It's Official: 3% Price Drop, 40% Sales Volume Decline
Existing Home Sales Dive 40% in November
Outlook for 2009 not good; Austin doing better than some markets.
By M.B. Taboada
AMERICAN-STATESMAN STAFF
Friday, December 19, 2008
Sales of existing homes in Central Texas plunged 40 percent last month, the largest decline on record, as the recession and credit crunch arrived full force in Austin.
The 990 sales were the lowest number for November since 1997, according to the Austin Board of Realtors.
And the median price fell 3 percent, the first drop in four years.
Real estate experts don't expect next year to be any better.
Consumer confidence has deteriorated, and while mortgage rates are falling fast, lenders have raised standards for mortgages. That has closed out some buyers who would have qualified under looser standards a year or two ago.
"The consumer is scared to death to buy anything because they are afraid for it to go down in value," said Mark Sprague, Austin partner for Residential Strategies Inc., which tracks the housing market. "I haven't seen consumer confidence this low in Austin since 2001, when we had the Internet bust. '09 will be slower, the slowest we've had since 1997."
Local experts said it was impossible to tell whether the housing market had hit bottom.
"For a while, it looked like Austin and Texas were immune to what's going on (nationally), and that's no longer the case," said John Rees, director of research for Angelou Economics in Austin. "Things are slowing down. Is it going to be less of a downturn locally or will it be delayed with us being the last ones to enter the recession and the last ones to exit it? I don't know."

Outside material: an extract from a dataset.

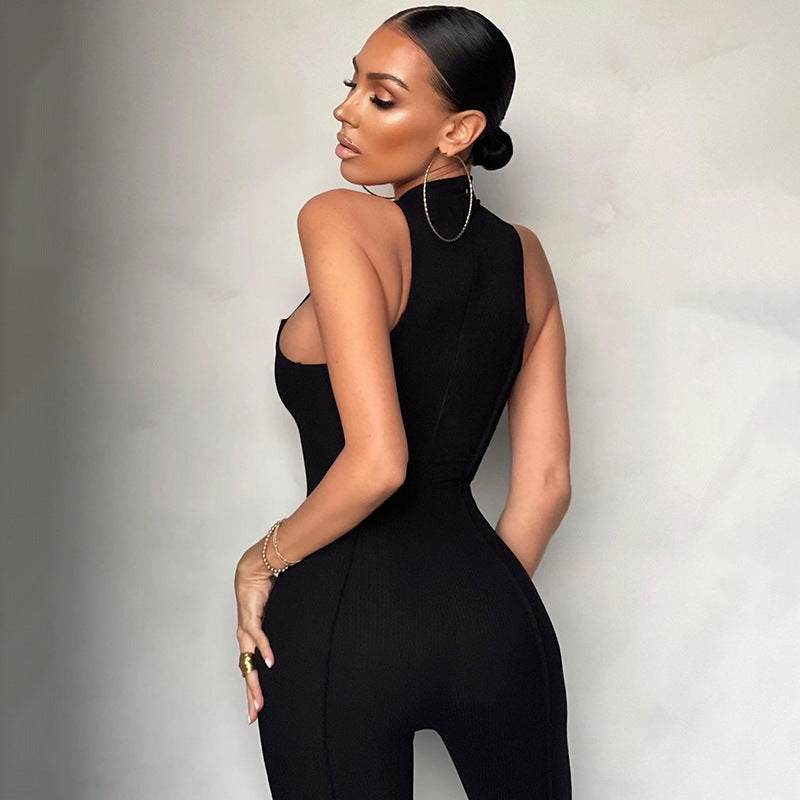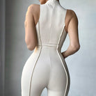 Mono sin mangas ajustado con cuello en O y cierre de cremallera

Charles Heimsath, president of Capital Market Research, said he expected the market to remain slow "through the first quarter of next year, until we get more assurance that the economy is stabilizing."
But he said Austin still is doing better than many other cities, thanks to continued job and population growth.
"Compared to other markets in the country, we are still healthy," Heimsath said. "There are other markets where prices have dropped 20 to 30 percent or more. For us to have a 3 percent decline is really very mild in comparison."
The picture is similar in other large Texas cities. Sales were down 33 percent and prices down 7 percent in the Dallas-Fort Worth area. Houston, whose economy has been healthy because of the oil industry, had a 32 percent drop in sales and a 7 percent price drop.
In the Austin area, the bulk of existing homes that sold in November were in the $200,000 to $400,000 price range.
New listings fell 17 percent to 2,021 in the month, as prospective sellers decided now was not the time to put their homes on the market.
But with the sluggish sales rate, active listings — the number of homes already on the market — rose 15 percent to 9,243.
Through November, sales were down 20 percent for the year, but the median price so far is up 3 percent to $190,000.
The Austin Board of Realtors said it is backing the four-point proposal by its national association to help bolster the housing market. The plan calls for the government to make a $7,500 first-time homebuyer tax credit available to all buyers and eliminate the repayment requirements; to make higher loan limits approved earlier this year for the Federal Housing Administration, Fannie Mae and Freddie Mac permanent; to direct more funds from the emergency Treasury bank relief program to mortgage relief and foreclosure prevention; and to permanently bar banks and banking conglomerates from engaging in real estate brokerage and management.